Nexteq seeks shareholder approval for 10% share buyback program

Published 02/09/2025, 07:14
Nexteq seeks shareholder approval for 10% share buyback program

LONDON - Nexteq plc (AIM:NXQ), a technology solutions provider to selected industrial markets, announced Tuesday it has called a General Meeting for September 18 to seek shareholder approval for a share buyback program and a Rule 9 waiver under the Takeover Code.

The company is requesting authorization to repurchase up to 10% of its issued share capital, representing approximately 5.99 million ordinary shares. This follows the completion of its previous buyback program in March 2025, when the company purchased the full 6.65 million shares authorized at its April 2024 general meeting.

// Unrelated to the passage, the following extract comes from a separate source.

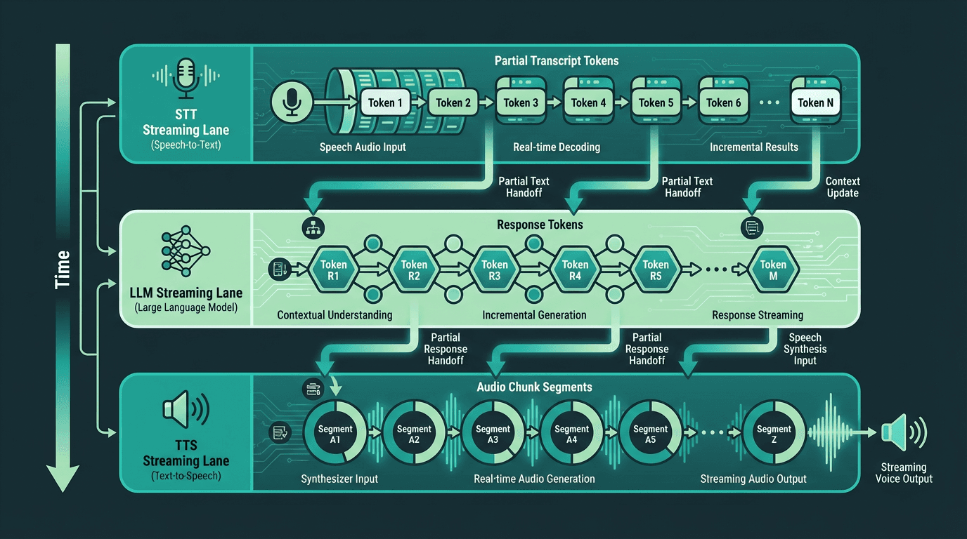 Every component in the pipeline should stream. STT should emit partial transcripts. The LLM should stream tokens. TTS should begin synthesis on partial text. Without streaming at each stage, latencies compound additively. With streaming, stages can overlap, and the user starts hearing audio while the LLM is still generating the tail of the response.

The proposed buyback would allow Nexteq to purchase shares at prices no less than their nominal value of 0.1 pence and no higher than 5% above the average closing middle market quotations for the five preceding business days.

A key consideration for shareholders is the potential increase in voting rights held by the company’s "Concert Party" - a group including Nicholas Jarmany, Gary Mullins, and other related individuals and entities. Their combined stake could increase from 37.06% to approximately 41.18% if the full buyback authority is utilized.

The Takeover Panel has agreed to waive the obligation for the Concert Party to make a general offer to all shareholders that would normally be required under Rule 9 of the Takeover Code when a party’s voting rights exceed 30%, subject to approval by independent shareholders.

In its July trading update, Nexteq stated it remains confident in meeting market expectations for 2025, with second-half revenues expected to exceed first-half figures.

The company cited its strong cash position as justification for the buyback program, which it believes will enhance earnings per share and provide shareholders with flexibility to realize value in their holdings.

The information is based on a press release statement from Nexteq.